§ **Work instruction**:
An exact transcription of every entry is required. Images are not part of it.

§ **Material for this task**:
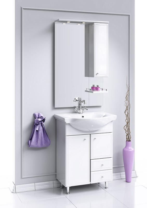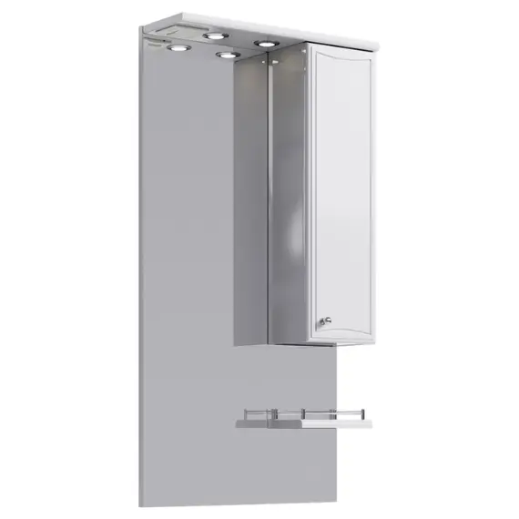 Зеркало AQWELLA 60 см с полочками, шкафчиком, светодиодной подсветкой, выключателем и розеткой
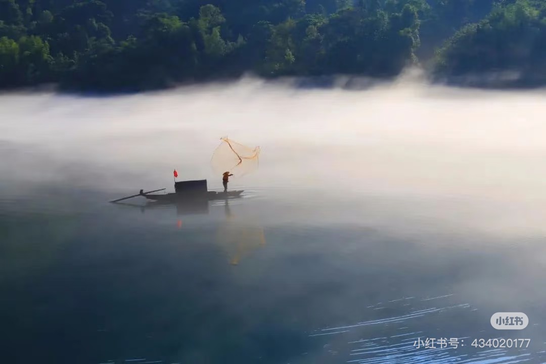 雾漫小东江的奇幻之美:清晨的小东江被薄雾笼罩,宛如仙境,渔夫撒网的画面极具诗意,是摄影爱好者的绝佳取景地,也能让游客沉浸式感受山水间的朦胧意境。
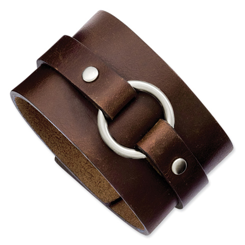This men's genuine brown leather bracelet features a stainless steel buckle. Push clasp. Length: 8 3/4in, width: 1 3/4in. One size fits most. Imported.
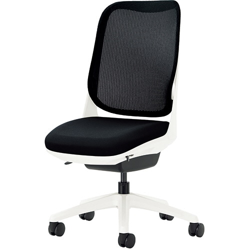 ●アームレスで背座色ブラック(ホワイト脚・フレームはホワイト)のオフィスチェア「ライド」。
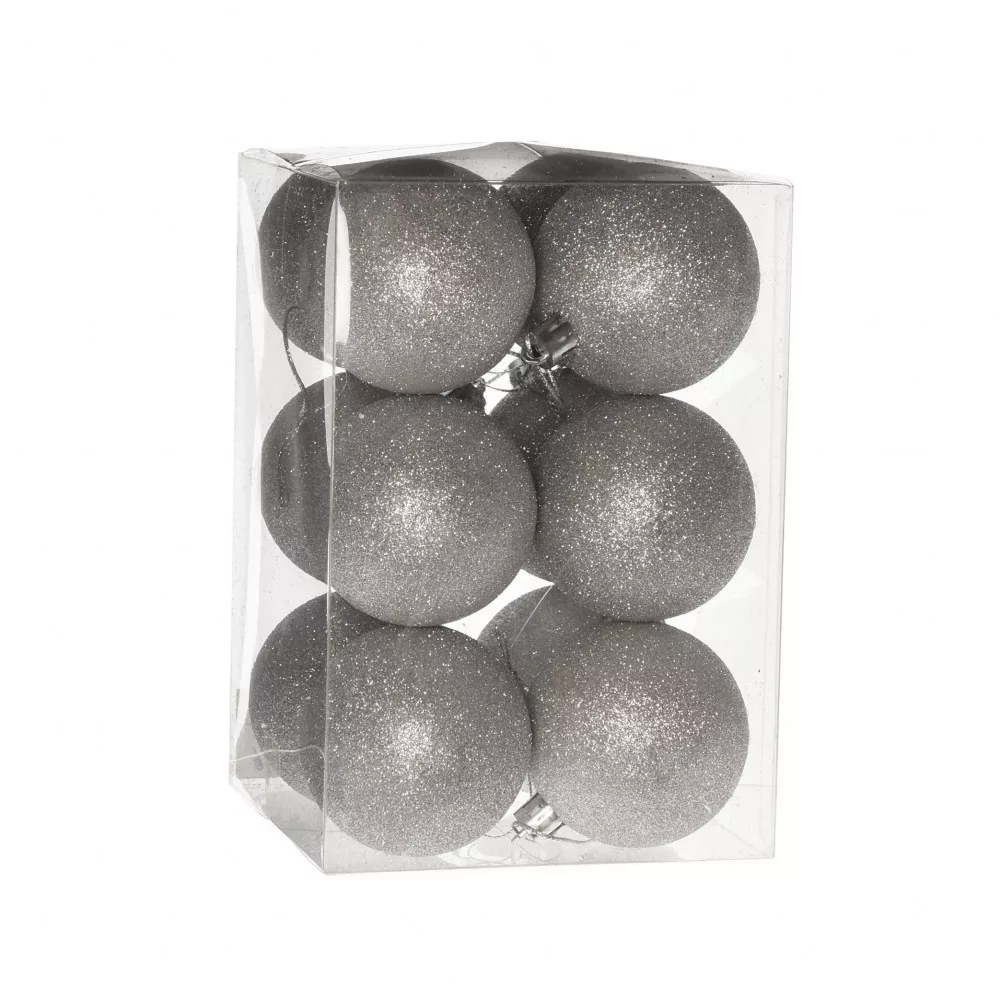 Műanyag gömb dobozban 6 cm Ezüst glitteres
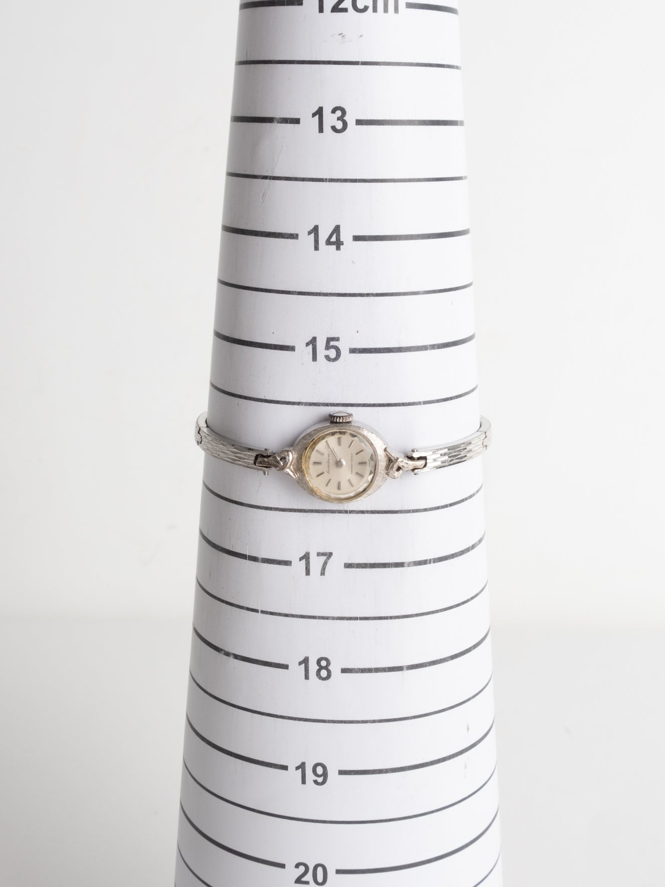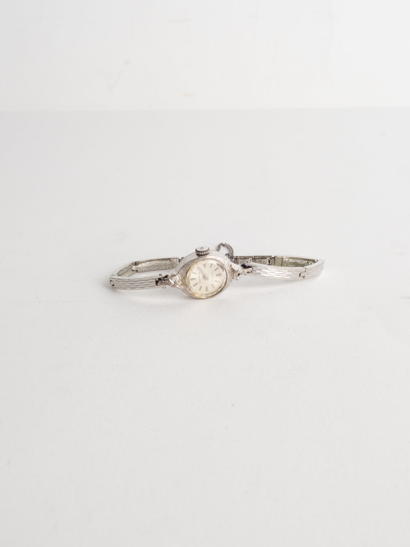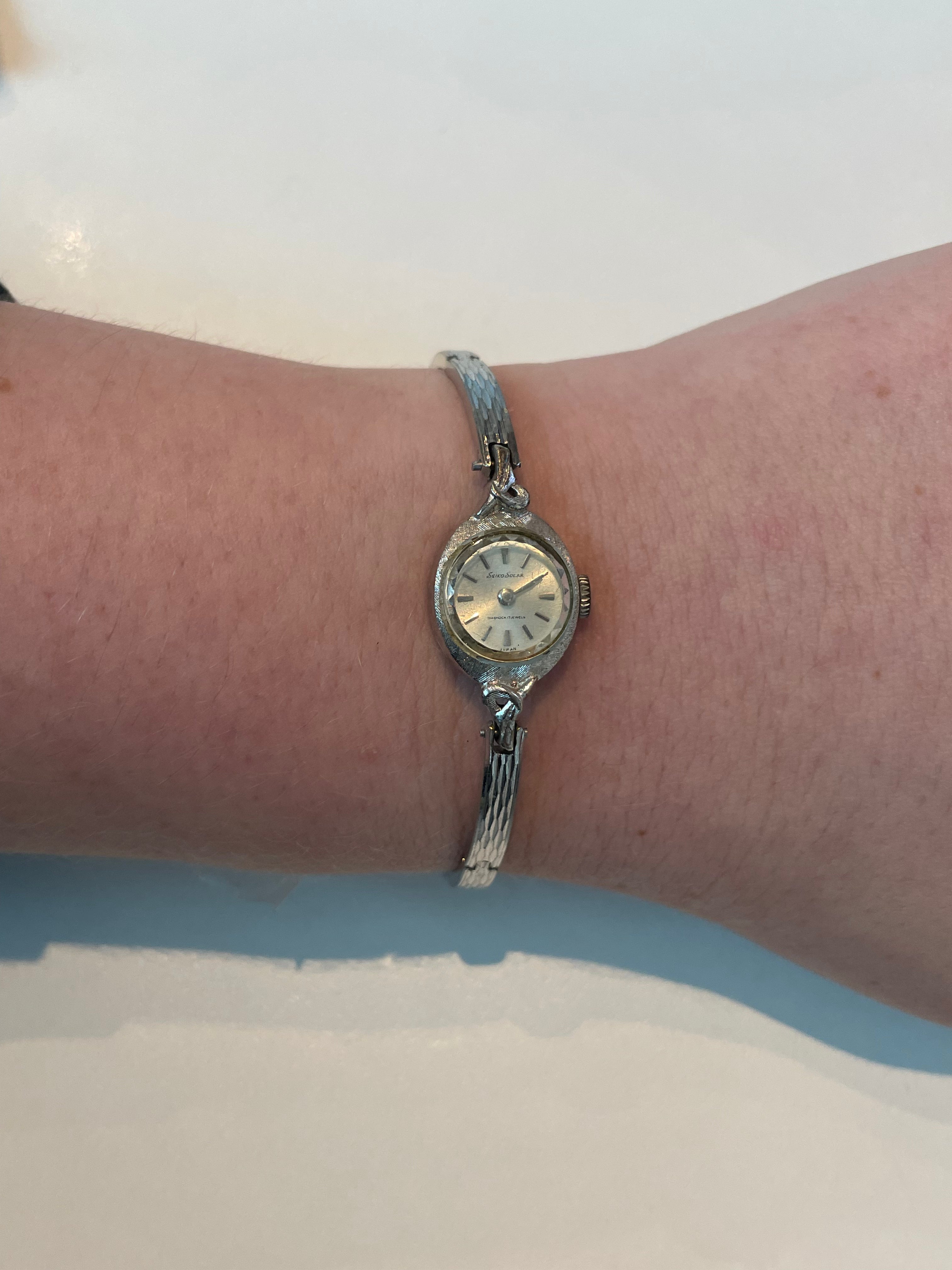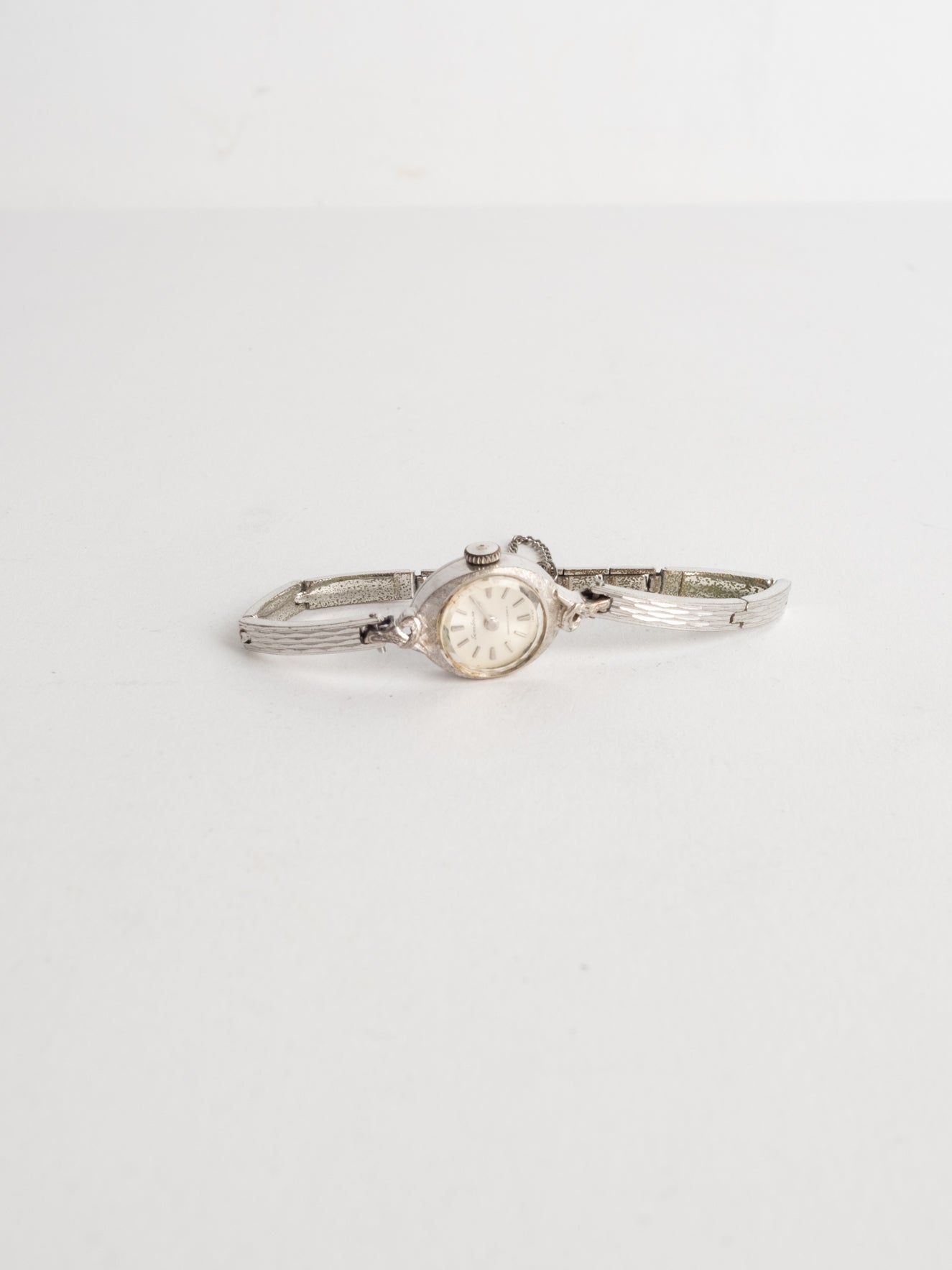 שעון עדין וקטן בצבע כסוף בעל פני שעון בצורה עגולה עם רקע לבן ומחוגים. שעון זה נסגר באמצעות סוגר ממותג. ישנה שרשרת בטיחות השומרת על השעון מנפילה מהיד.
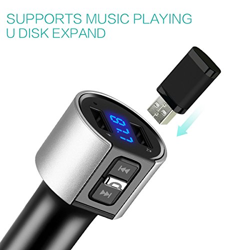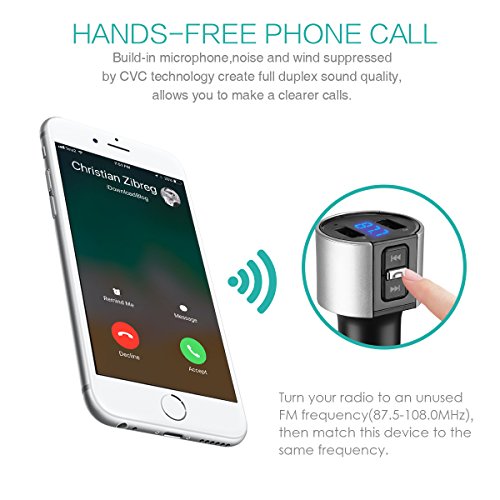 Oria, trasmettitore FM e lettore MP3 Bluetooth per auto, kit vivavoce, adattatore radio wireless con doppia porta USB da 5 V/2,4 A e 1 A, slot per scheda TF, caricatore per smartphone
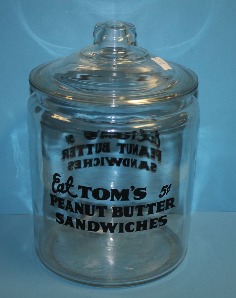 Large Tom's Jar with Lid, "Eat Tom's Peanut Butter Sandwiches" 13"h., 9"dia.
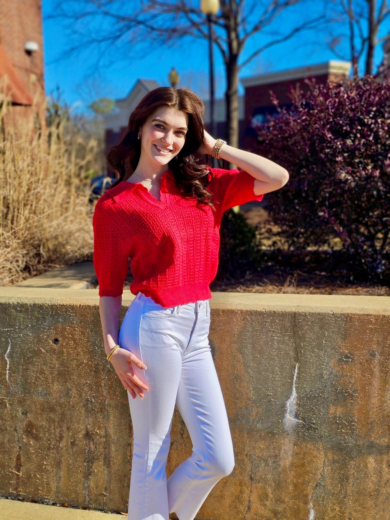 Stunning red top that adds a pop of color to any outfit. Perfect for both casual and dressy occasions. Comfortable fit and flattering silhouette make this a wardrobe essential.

§ **Solution for this exercise**:
 Зеркало AQWELLA 60 см с полочками, шкафчиком, светодиодной подсветкой, выключателем и розеткой
 雾漫小东江的奇幻之美:清晨的小东江被薄雾笼罩,宛如仙境,渔夫撒网的画面极具诗意,是摄影爱好者的绝佳取景地,也能让游客沉浸式感受山水间的朦胧意境。
This men's genuine brown leather bracelet features a stainless steel buckle. Push clasp. Length: 8 3/4in, width: 1 3/4in. One size fits most. Imported.
 ●アームレスで背座色ブラック(ホワイト脚・フレームはホワイト)のオフィスチェア「ライド」。
 Műanyag gömb dobozban 6 cm Ezüst glitteres
 שעון עדין וקטן בצבע כסוף בעל פני שעון בצורה עגולה עם רקע לבן ומחוגים. שעון זה נסגר באמצעות סוגר ממותג. ישנה שרשרת בטיחות השומרת על השעון מנפילה מהיד.
 Oria, trasmettitore FM e lettore MP3 Bluetooth per auto, kit vivavoce, adattatore radio wireless con doppia porta USB da 5 V/2,4 A e 1 A, slot per scheda TF, caricatore per smartphone
 Large Tom's Jar with Lid, "Eat Tom's Peanut Butter Sandwiches" 13"h., 9"dia.
 Stunning red top that adds a pop of color to any outfit. Perfect for both casual and dressy occasions. Comfortable fit and flattering silhouette make this a wardrobe essential.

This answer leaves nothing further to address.